Shipley Field at Bob "Turtle" Smith Stadium (1952–present) 

Shipley Field at Bob "Turtle" Smith Stadium, often referred to simply as Shipley Field, has been the home of the Maryland baseball team for more than 60 years. The team's playing field was moved to its current location in 1952, and became Shipley Field in 1956. The ballpark is located right in the heart of the Maryland campus, in between Byrd Stadium and the Artificial Turf Facility. The facility's current seating capacity is 2,500. Its playing surface is Sportexe Synthetic Turf in the infield and Bermuda Grass in the outfield and the dimensions are 320 down the left field line, 380 to center and 325 down the right field line.

In 1982, Shipley Field was the site of an exhibition game between the Terps and Earl Weaver's Baltimore Orioles. Eight years later, in 1990, the Soviet baseball team paid a visit to Shipley Field to take on the Terps in an exhibition series. The stadium has been hosting night games since a set of permanent lights were installed prior to the 1994 season. Shipley Field is named after legendary Terps' coach H. Burton Shipley, who was the Maryland skipper from 1924-1960.

On May 8, 2010, Shipley Field was officially dedicated as Shipley Field at Bob "Turtle" Smith Stadium in honor of former Maryland baseball player, Bob "Turtle" Smith '63. Bob and his wife Carol had previously established a fully endowed baseball scholarship, called the "Bob "Turtle" Smith & Carol B. Smith and Family Endowed Baseball Scholarship" A new turf infield, an upgraded warning track, a new brick backstop, a new outfield fence and an upgraded scoreboard were installed prior to the 2011 season.

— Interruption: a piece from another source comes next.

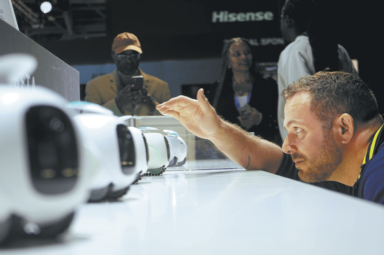 Посетител разглежда роботи с AI на щанда на Hisense по време на изложение в Лас Вегас. ДЗЕН ХУЙ/СИНХУА

Eric Milton Family Clubhouse
Prior to the start of Maryland's game against the Miami Hurricanes on Saturday, April 13, 2013 head coach John Szefc and the Terrapin baseball program held a dedication ceremony to unveil the Eric Milton Family Clubhouse.

The Terps' clubhouse, which is located within the Varsity Team House just beyond the left-field fence at Shipley Field at Bob "Turtle" Smith Stadium, received a facelift with significant help from former Terrapin Eric Milton (1994–96) and his family.

The renovation included the installation of 38 custom cherry-wood lockers, new carpeting and flooring, new signage, and the addition of an awards wall and a custom counter for kitchen appliances.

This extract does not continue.